This year, as Fort Valley State University embarks on a transformative journey under the leadership of Dr. Paul Jones, students, faculty, staff, alumni and supporters acknowledge the legacy of eighteen men who envisioned an institution of excellence for students in middle Georgia. On Thursday, November 3, FVSU will celebrate its 76th annual Founders’ Day Convocation at 10:30 a.m. in the Cleveland W. Pettigrew Farm and Community Life Center. Classes are suspended from 9:30 a.m. until 1 p.m., to give faculty, staff and students an opportunity to attend this significant day in history.
The distinguished speaker is Dr. Elliot V. Troup, son of Cornelius V. Troup, second president of Fort Valley State College (1945-1966). Dr. Troup is a retired ophthalmologist (eye specialist) in Saint Paul, Minn, graduating from Meharry Medical College in 1963. He operated a private practice from 1969 to 2006.
“I know FVSU has grown over the years. Since my last visit 10 years ago, I expect that I would not recognize much of the campus anymore. I have been told that it has grown tremendously,” said Troup.
Dr. Troup’s father played a significant role in sculpting Fort Valley State into the historical institution it is today. C.V. Troup was an accomplished author, poet, educator, administrator, leader and humanitarian.

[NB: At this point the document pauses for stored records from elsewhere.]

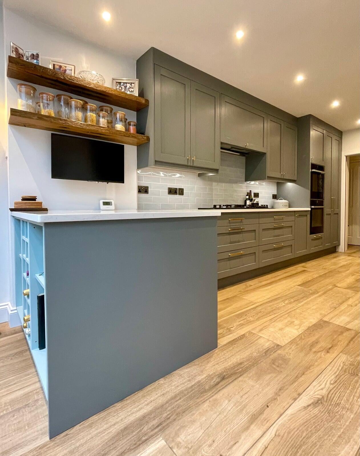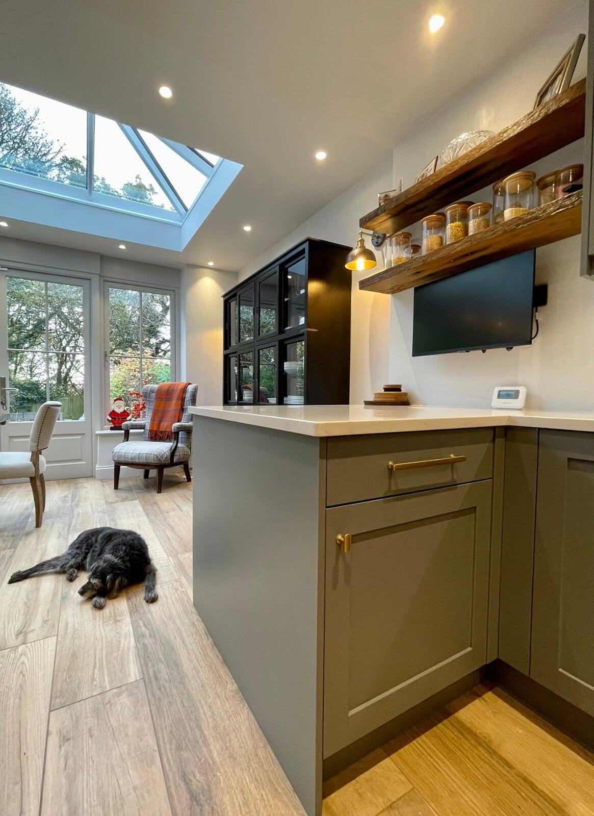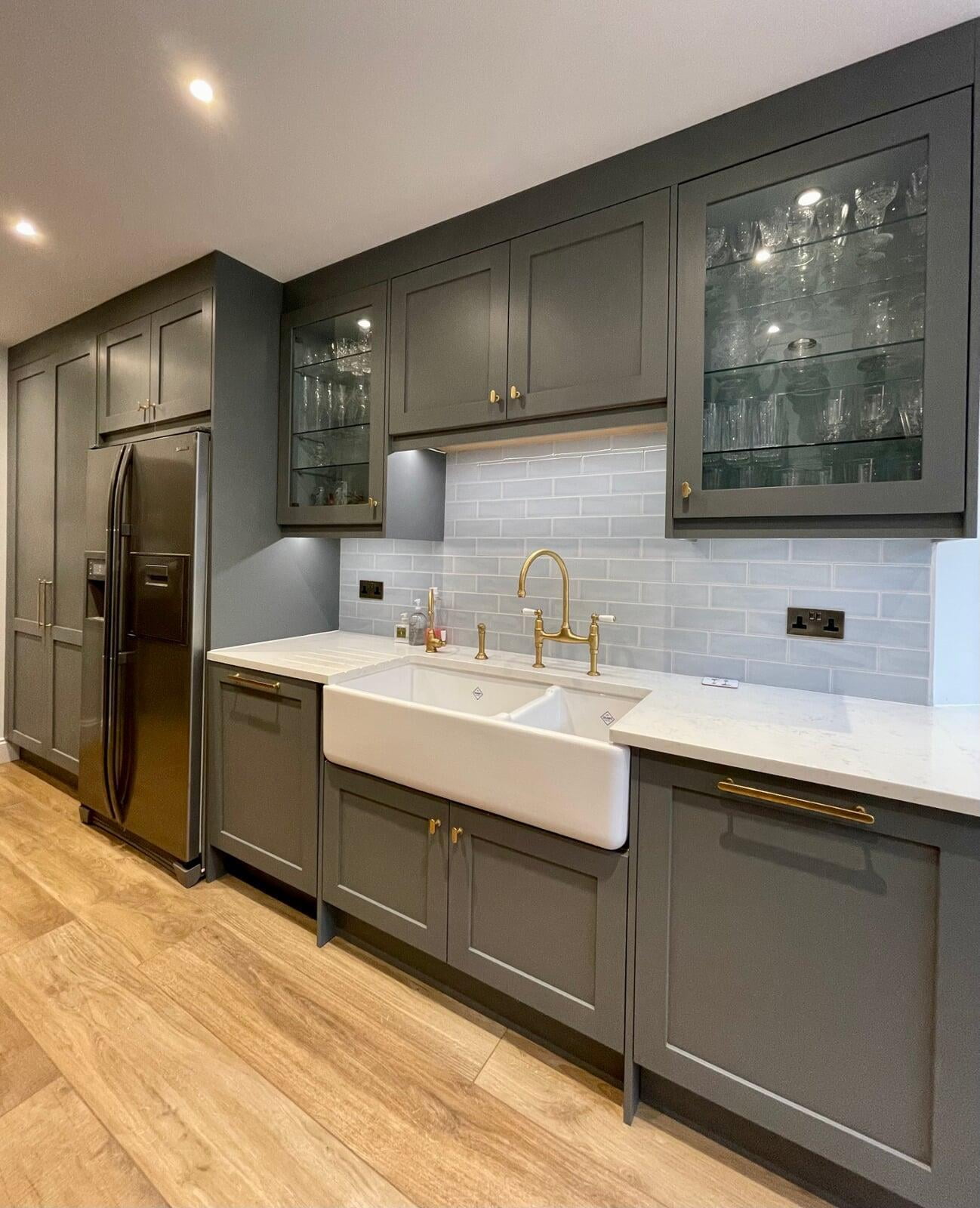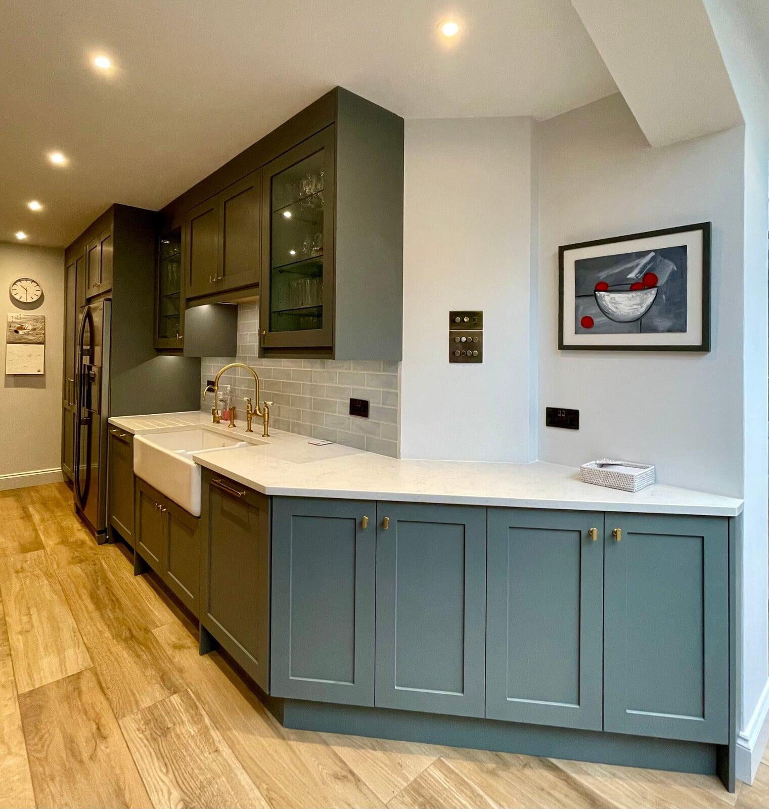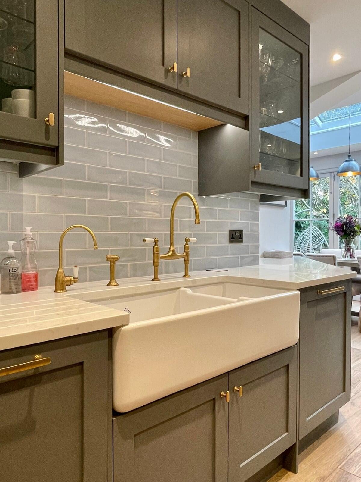 This kitchen forms part of a beautiful orangery extension built by the brilliant team at Malbrook Conservatories. Our first Orangery project, we wanted to make sure that the flow between the kitchen and the magnificent extension would be perfect. We spent a lot of time with the clients reviewing colour schemes and the layout of both spaces as it was essential that they would work as one seamless space. The kitchen has some superb storage with a magnificent double pantry with oak internals and a double larder with 5 large pull-out drawers. The shaker cabinetry is hand painted in Little Greene’s Livid and finished with a polished Nile Carrara quartz worktop. We painted the open units and inside the glazed units a contrasting shade of light blue to make an interesting feature. The most exquisite handmade Shaws of Darwen double sink with beautiful brass Perrin & Rowe taps complete the scheme. The space has been accessorised brilliantly with some rustic and industrial features with the addition of the lighting, railing sleeper beams and sliding door dresser unit.
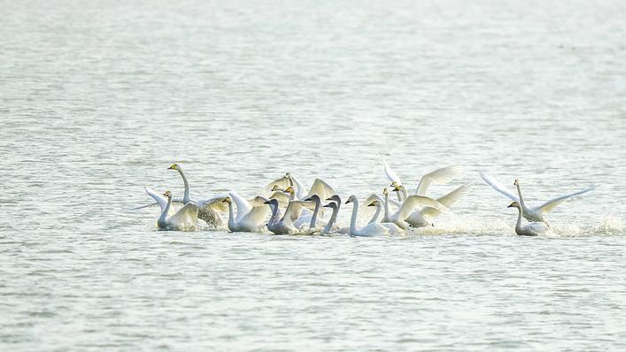 張家湖的小天鵝群。(資料圖片)
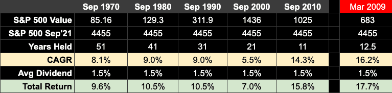 However, if you bought the S&P 500 Sept 2010 (i.e., which was well after the market bottomed) – your CAGR is 14.3% plus dividends.
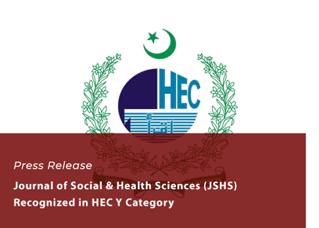 The Journal of Social & Health Sciences (JSHS) is pleased to announce its official recognition in the ‘Y’ Category by the Higher Education Commission (HEC) Pakistan, effective November 5, 2025, as per Notification No. 15-54/Coord/2019/R&ID/HEC/876 issued under the updated HEC Journals and Publications Policy 2024.
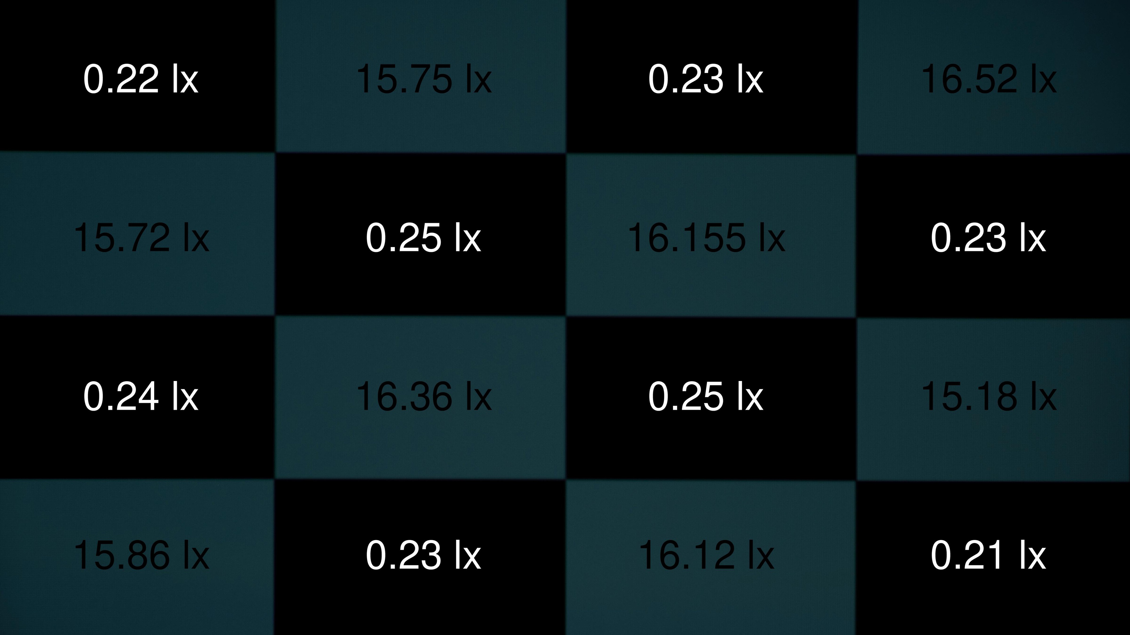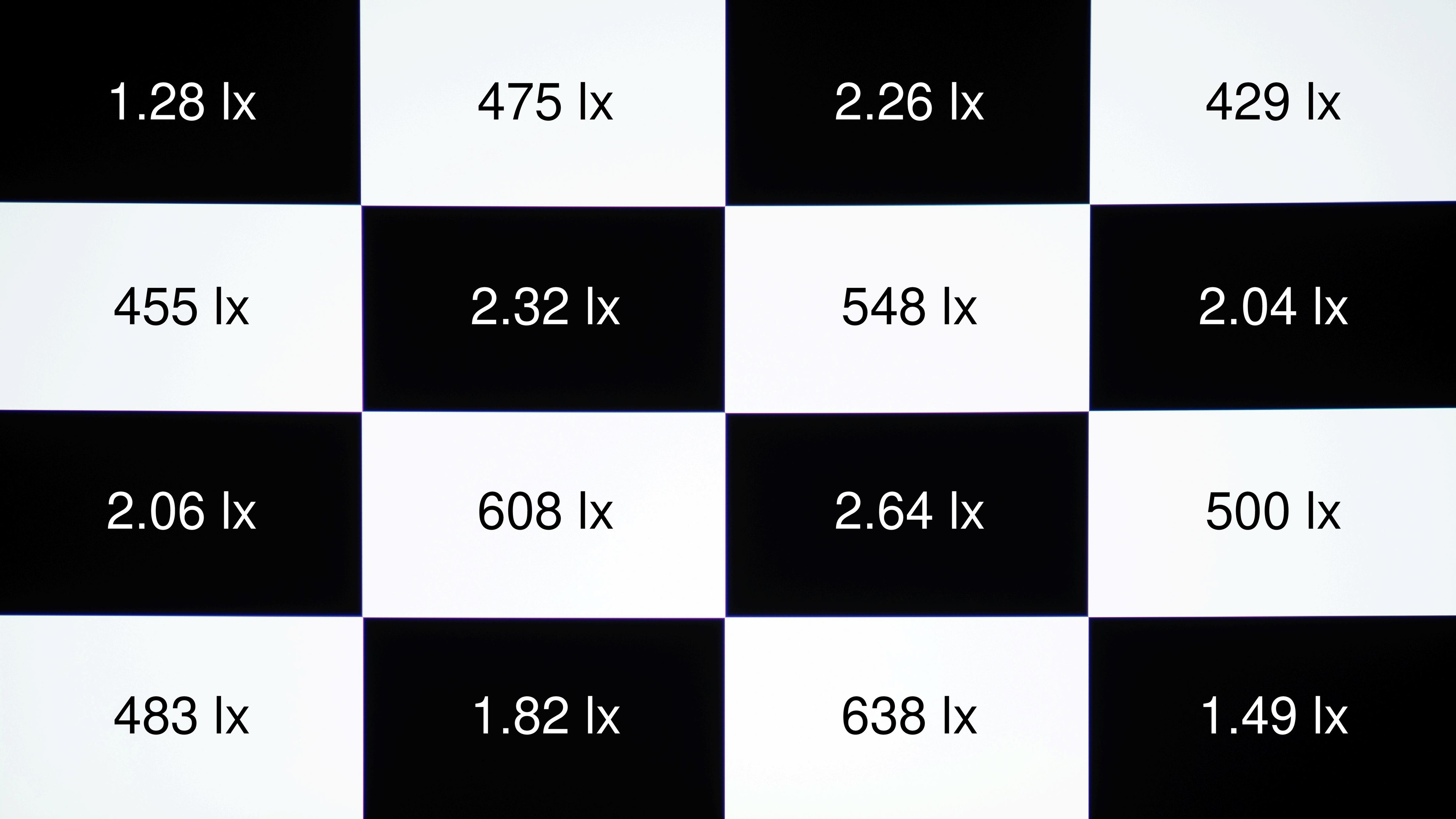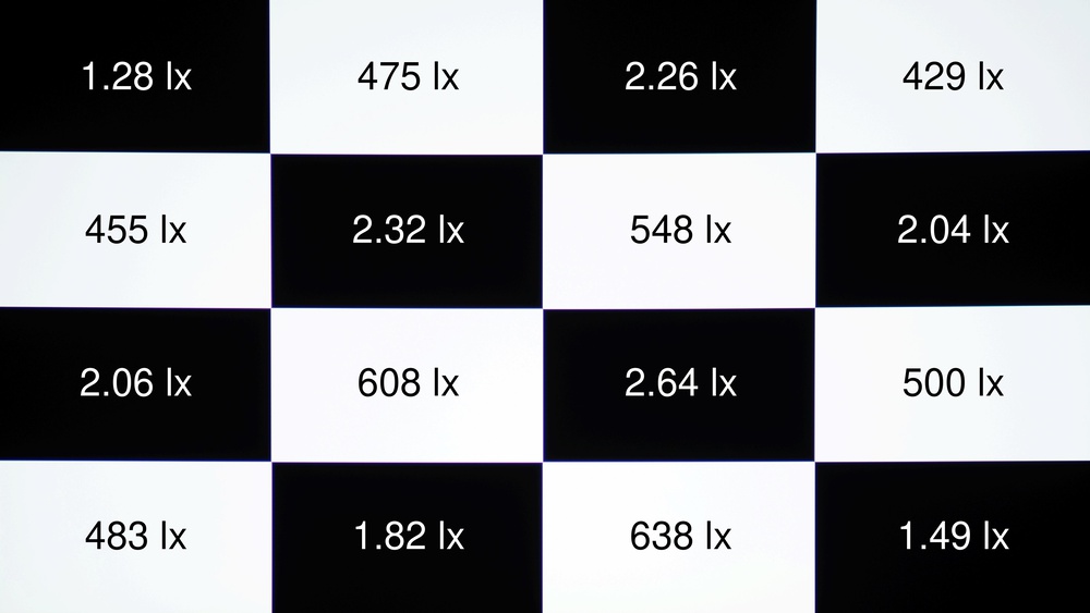 To arrive at a final contrast measurement, we take the average of the white squares and divide it by the average of the black squares. We also take a picture of the checkboard pattern on the screen and overlay our measurements on the image to give you a sense of the black-and-white illuminance uniformity across the screen.
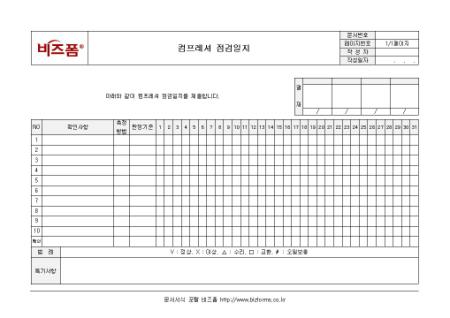 컴프레셔를 점검할 수 있는 점검일지양식입니다. 확인사항, 측정방법, 판정기준, 범례, 특기사항 등의 항목으로 구성되어 있으며 컴프레셔 점검 내역을 상세히 기입할 수 있도록 합니다.
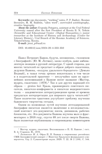 Ключевые фразы: эго-документы, «рабочие» записи, п п ба- жов, РУССКАЯ ЛИТЕРАТУРА, м м бахтин, «чужое слово», непро- явленная автобиография, ТВОРЧЕСКАЯ БИОГРАФИЯ
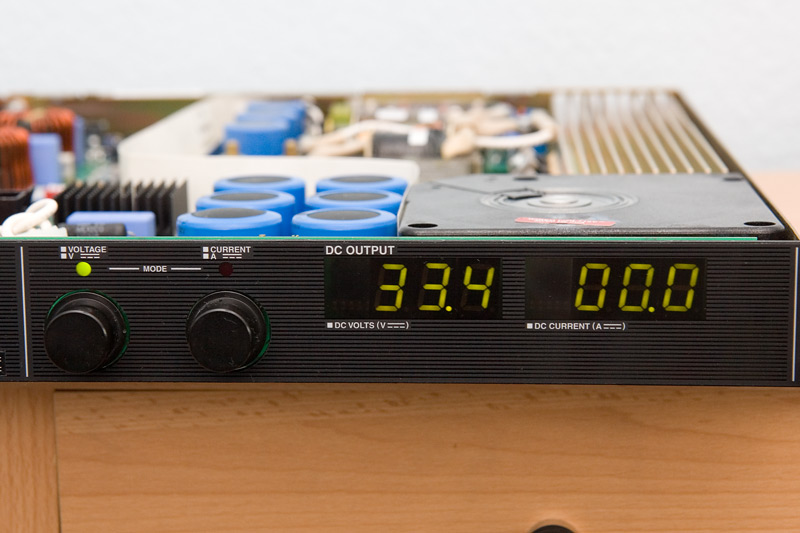 Da ich nur beschränkten Platz auf meinem Arbeitstisch habe und das Gerät eher eine Rackmount-Flunder ist will ich mich von besagtem Gerät trennen. techn. Daten: - 33V 33A 1000W / Schaltnetzteil - 115 / 230V (50/60Hz) Netzbetrieb (Anschluss über Schraubklemmen) - Anschluss der Last über Stromschienen (rückseitig) - Strom und Spannung über 10-Gang-Potis einstellbar - einstellbare OVP (over voltage protection) - Anzeige von Strom und Spannung über grüne 7-Segment-Anzeigen - fernsteuerbar über U, I oder R (für Spannung und Strom) - 19" Rackmount 1HE, 44 cm Tief (ohne Anschlüsse) Voll funktionsfähig. Gerät optisch in einwandfreiem Zustand. 4mm Anschlussklemmen kann ich dran lassen, sind aber nur bis 10 Ampere!!! Netzanschluss kann ich ebenfalls so belassen (Kaltgerätebuchse), jedoch dann auf eigene Verantwortung des Käufers! Versand versichert per DHL. Vorzugsweise tausch gegen etwa gleichwertiges Netzgerät: - mind. 30V / 30A - mind. 500W - "Tischgerät", sollte jedenfalls tischtauglicher sein als das Sorensen - Digitalanzeigen oder andere Messtechnik (Funktionsgenerator, Oszi) ansonsten Verkauf Preisvorstellung: 350,- Euro VHB (Listenpreis des Geräts: 4750,- US$) Handbuch: http://www.elgar.com/products/DCS/downloads/DCS-E_1.2kW_Operations_Manual_M362500-01_RevC.pdf Bilder: http://dareal.info/verkauf/sorensen/ Kontakt per Forum oder ICQ (37520727)

Dr. Berlethia Pitts, chair of FVSU’s Department of English and Foreign Languages and Founders’ Day Convocation committee chair, said, “Founders’ Day is one of, if not the most, important events we celebrate on the FVSU campus. Without the collaborative and selfless efforts of our 18 founding fathers, there would be no graduations, honors convocations, homecomings, alumni chapters, etc.”
The purpose the convocation is to remember and show gratitude to the men who helped the university get its start. The first convocation was held on the birthday of Fort Valley High and Industrial School’s second principal, Henry A. Hunt, October 10, 1940. The event marked a time to remember Hunt and the campus’ founders. Scholar and activist W.E.B. Du Bois gave the inaugural address entitled, “The Significance of Henry A. Hunt.” After the death of Henry Hunt’s wife, Florence Johnson-Hunt, Founders’ Day also became a time to remember her.
In 1940, Sophia Moore, an FVSU employee, started the tradition of remembering the old days, where she recounted the history of the university. During the tenure of Fort Valley State president W.W. E. Blanchet’s term, there were two separate days celebrated for the university’s founders. In the 1970s, the days merged into one memorial.
According to Pitts, FVSU owes its existence today to the foundation established in 1895 by Charlie A. Anderson, Gideon Barnett, Stephen Elisha Bassett, Allen Cooper, John Wesley Davison, Peter Fann, Francis W. Gano, Jon Howard Halle, David Jones, J.R. Jones, D.L. Lawrence, Henry Lowman, Thomas A. McAfee, James Isaac Miller, Alfonso Nixon, Lee O’Neal and Thomas W. Williams.
Following the program, guests march to Memorial Circle, near the historic quadrangle and lay a wreath at the graves of Fort Valley High and Industrial School Principal Henry A. Hunt and his wife, Florence.